*Task requirements*: Every entry below has to appear again in your reply, word for word, but no picture may.

*Provided data*:
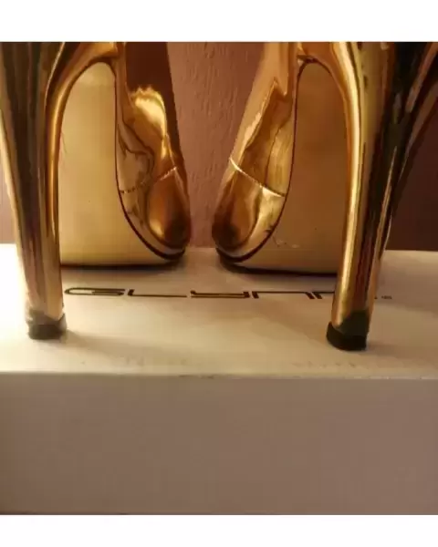 Marca : GlynnTextura : Dorado terminado espejoTacón : 10 cmsTalla : 24 cms.Detalle : Área del tacón inferior , junto a la tapa está desvanecido el color, fotografía 3 y en áreas interna de los costados ligeramente tallado, está en fotografía núm 4 Marca : GlynnTextura : Dorado terminado espejoTacón : 10 cms.Talla : 24 cms.Detalle : Área del tacón inferior , junto a la tapa está desvanecido el color, en la fotografía 3, y en el área interna de los costados ligeramente tallado, En fotografía núm 5.es por el rose de las zapatillas al caminar
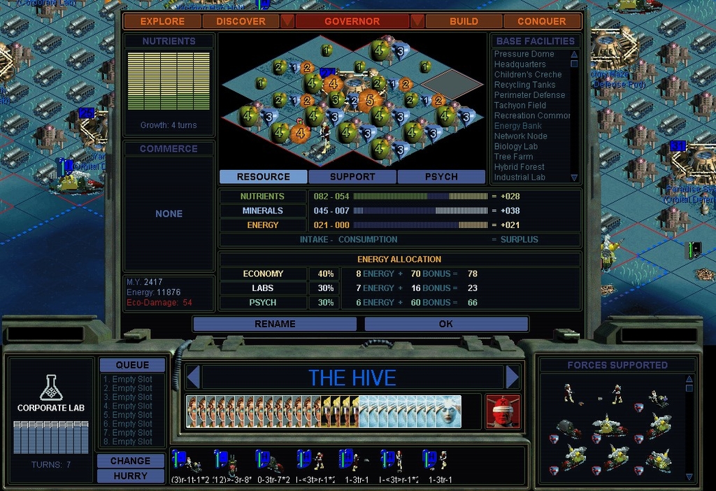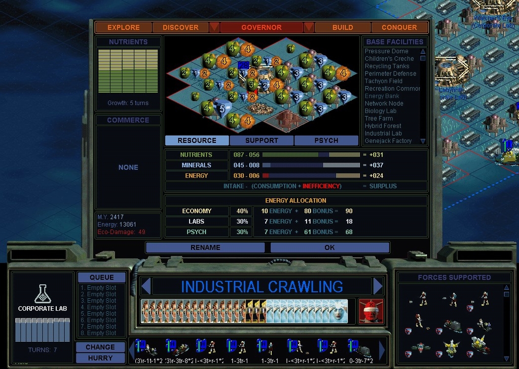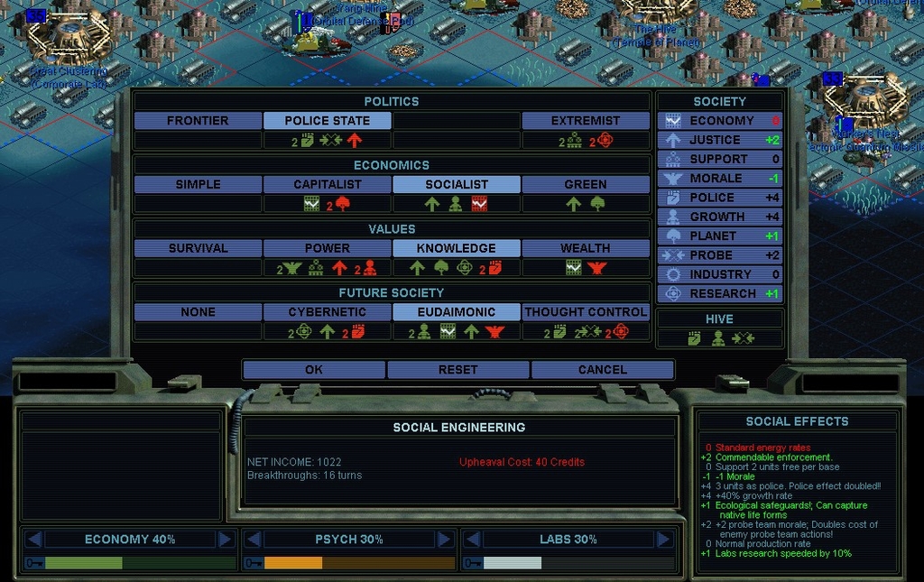 I switch to Knowledge, as once again it doesn't affect my income much.  Even my Gaian cities are starting to build Industrial Labs now.  With all the corruption in those distant cities, they must have some really frivolous research going on over there!  Like how to make better chocolate bars out of human flesh.
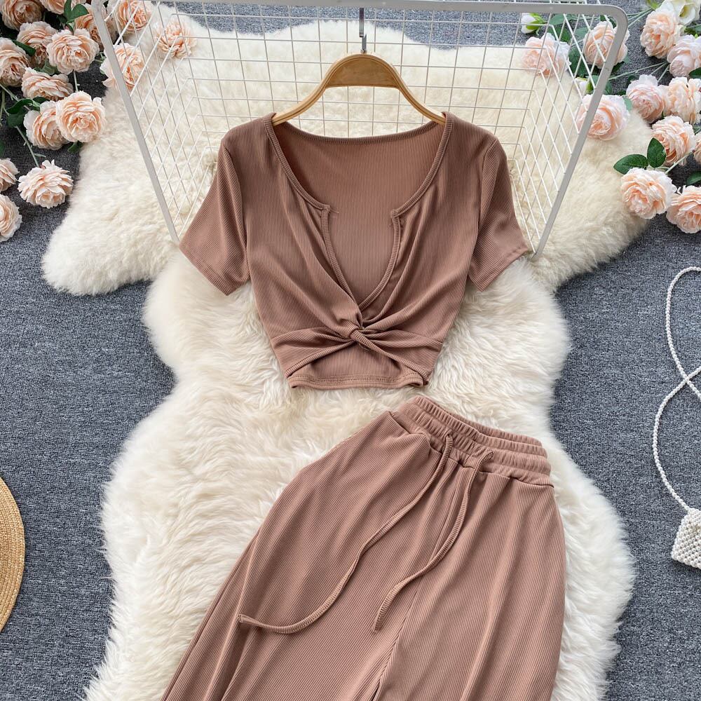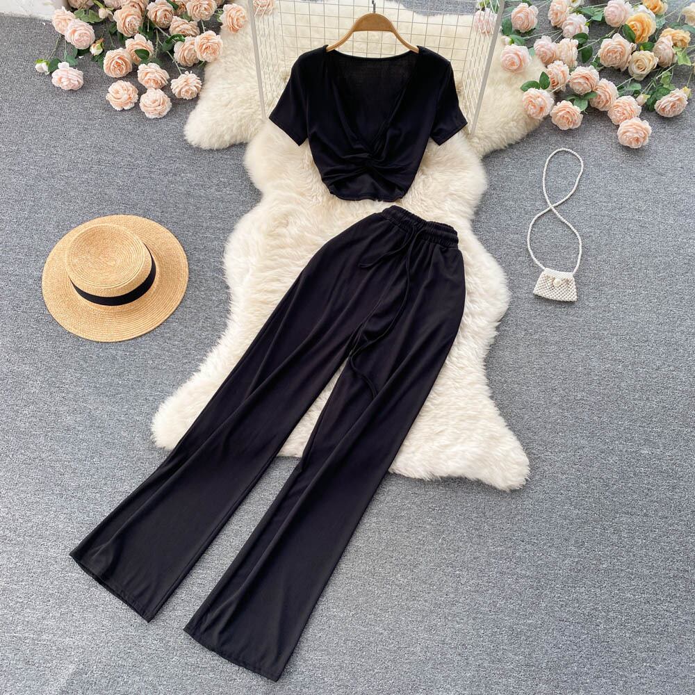 ホットガール気質スーツ女性ショートデザインクロスショートTシャツトップハイウエストドレープワイドレッグパンツツーピースセット ハイウェスト ワイドパンツ lyxaj25550149113
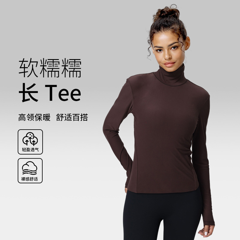 堆堆领上衣修身弹力显瘦运动长袖裸感亲肤户外跑步内搭训练健身服
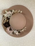 帽子の色目に合わせてレースをつけて趣きのある壁掛けにしてあります。
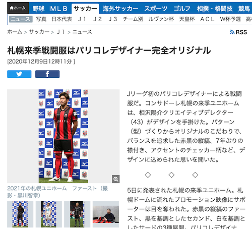 日刊スポーツのサイトに2021年シーズンのコンサドーレのユニフォームをデザインした相澤陽介クリエイティブディレクターのインタビュー記事が掲載されています。
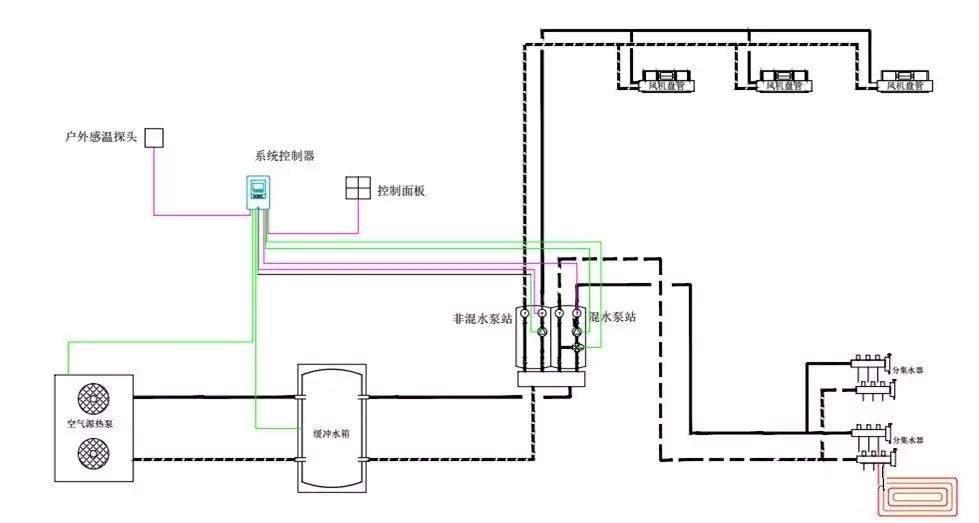 3、在設(shè)計兩聯(lián)供系統(tǒng)時,務(wù)必考慮在水力平衡的前提下,風(fēng)機(jī)盤管和地暖可以同時開啟。
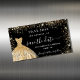 A girly and trendy Save the Date magnet for a Sweet 16, 16th birthday party. A stylish black background decorated, faux gold glitter sparkles and a golden dress. Personalize and add a date and name/age. The text: Save the Date is written with a large trendy hand lettered style script.
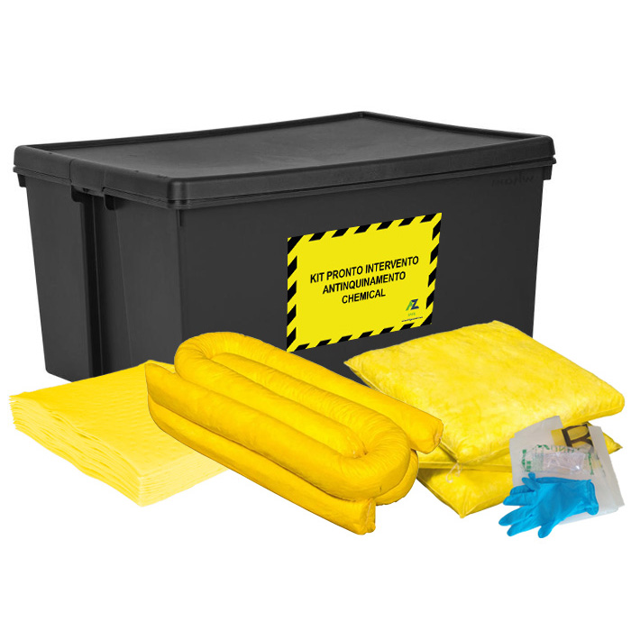KIT di pronto intervento CHEMICAL in contenitore dotato di ruotine pratico di piccole dimensioni per intervenire tempestivamente sulle fuoriuscite accidentali di liuidi pericolosi
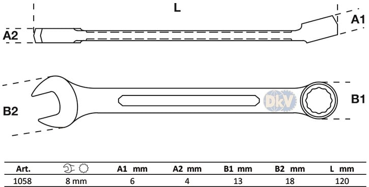 - Cờ lê BGS 1058, cờ lê miêng hở/tròng BGS 1058, BGS combination spanner 1058: thuộc dạng cờ lê một đầu miệng hở, một đầu tròng, cùng size: 8 mm, chiều dài: 120 mm, chuyên dùng để siết bulong, đai ốc trong công nghiệp.
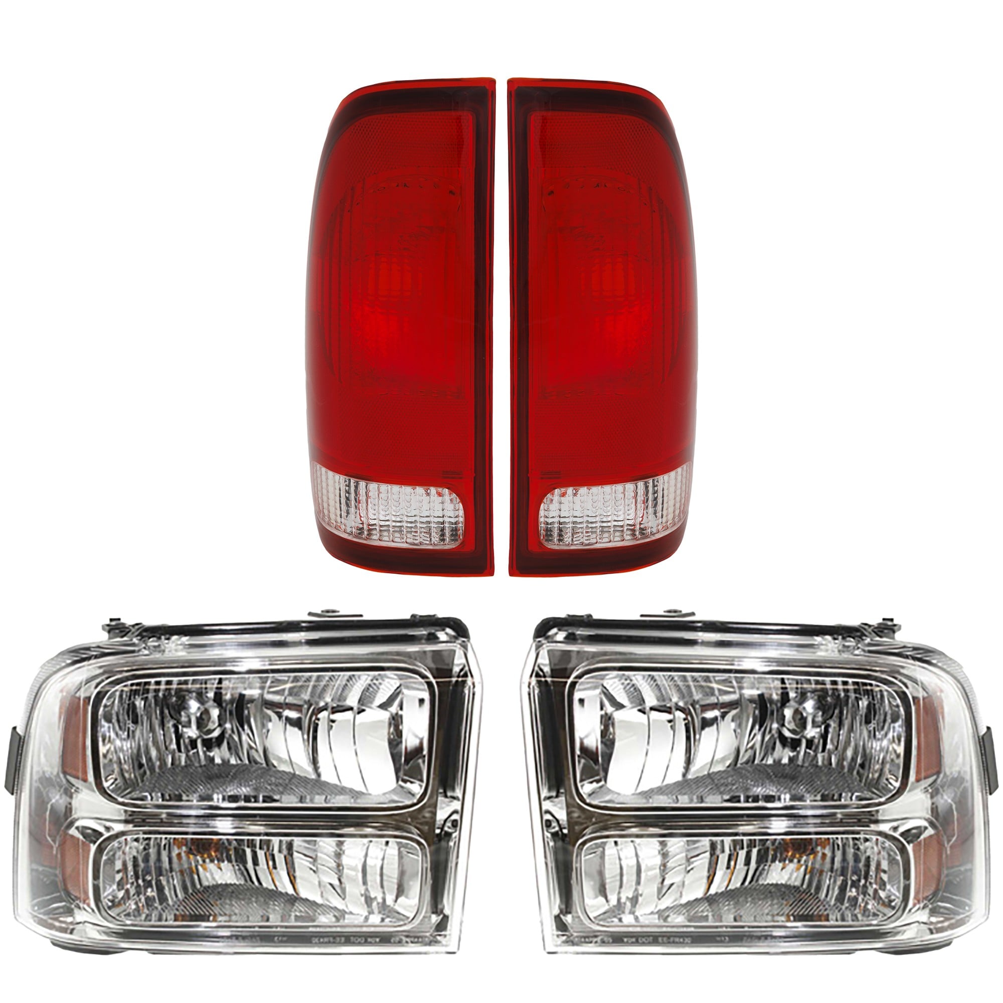 Headlight and Tail Light Kit for Ford F-250/F-350 Super Duty 2005-2007, Right (Passenger) and Left (Driver) Sides, with Bulbs, 4-Piece kit, Replacement
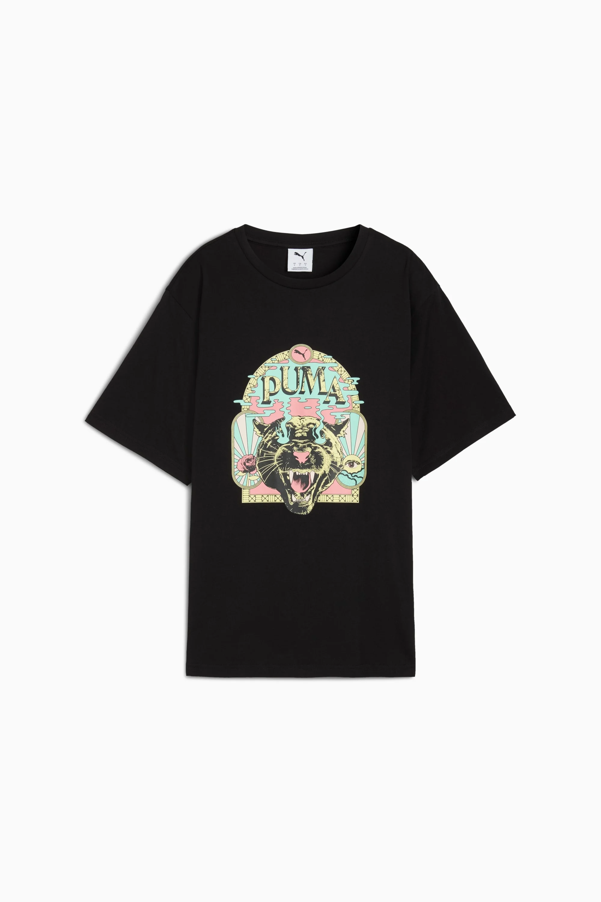 PRODUCT STORY PUMA's collection of graphic tees combines bold designs with casual style, creating comfortable pieces that stand out. From abstract patterns to iconic logos, each design adds a unique touch. No matter where your day takes you, these graphics bring a fresh, cool vibe to your look. FEATURES & BENEFITS - Made with at least 20% recycled cotton. DETAILS - Style: 632161_01 - Color: PUMA Black - Fit: Relaxed - Main material: Single jersey - Neck: Crew neck - Short sleeves - Length: Regular

*Answer to the exercise*:
 Marca : GlynnTextura : Dorado terminado espejoTacón : 10 cmsTalla : 24 cms.Detalle : Área del tacón inferior , junto a la tapa está desvanecido el color, fotografía 3 y en áreas interna de los costados ligeramente tallado, está en fotografía núm 4 Marca : GlynnTextura : Dorado terminado espejoTacón : 10 cms.Talla : 24 cms.Detalle : Área del tacón inferior , junto a la tapa está desvanecido el color, en la fotografía 3, y en el área interna de los costados ligeramente tallado, En fotografía núm 5.es por el rose de las zapatillas al caminar
 I switch to Knowledge, as once again it doesn't affect my income much.  Even my Gaian cities are starting to build Industrial Labs now.  With all the corruption in those distant cities, they must have some really frivolous research going on over there!  Like how to make better chocolate bars out of human flesh.
 ホットガール気質スーツ女性ショートデザインクロスショートTシャツトップハイウエストドレープワイドレッグパンツツーピースセット ハイウェスト ワイドパンツ lyxaj25550149113
 堆堆领上衣修身弹力显瘦运动长袖裸感亲肤户外跑步内搭训练健身服
 帽子の色目に合わせてレースをつけて趣きのある壁掛けにしてあります。
 日刊スポーツのサイトに2021年シーズンのコンサドーレのユニフォームをデザインした相澤陽介クリエイティブディレクターのインタビュー記事が掲載されています。
 3、在設(shè)計兩聯(lián)供系統(tǒng)時,務(wù)必考慮在水力平衡的前提下,風(fēng)機(jī)盤管和地暖可以同時開啟。
 A girly and trendy Save the Date magnet for a Sweet 16, 16th birthday party. A stylish black background decorated, faux gold glitter sparkles and a golden dress. Personalize and add a date and name/age. The text: Save the Date is written with a large trendy hand lettered style script.
KIT di pronto intervento CHEMICAL in contenitore dotato di ruotine pratico di piccole dimensioni per intervenire tempestivamente sulle fuoriuscite accidentali di liuidi pericolosi
 - Cờ lê BGS 1058, cờ lê miêng hở/tròng BGS 1058, BGS combination spanner 1058: thuộc dạng cờ lê một đầu miệng hở, một đầu tròng, cùng size: 8 mm, chiều dài: 120 mm, chuyên dùng để siết bulong, đai ốc trong công nghiệp.
 Headlight and Tail Light Kit for Ford F-250/F-350 Super Duty 2005-2007, Right (Passenger) and Left (Driver) Sides, with Bulbs, 4-Piece kit, Replacement
 PRODUCT STORY PUMA's collection of graphic tees combines bold designs with casual style, creating comfortable pieces that stand out. From abstract patterns to iconic logos, each design adds a unique touch. No matter where your day takes you, these graphics bring a fresh, cool vibe to your look. FEATURES & BENEFITS - Made with at least 20% recycled cotton. DETAILS - Style: 632161_01 - Color: PUMA Black - Fit: Relaxed - Main material: Single jersey - Neck: Crew neck - Short sleeves - Length: Regular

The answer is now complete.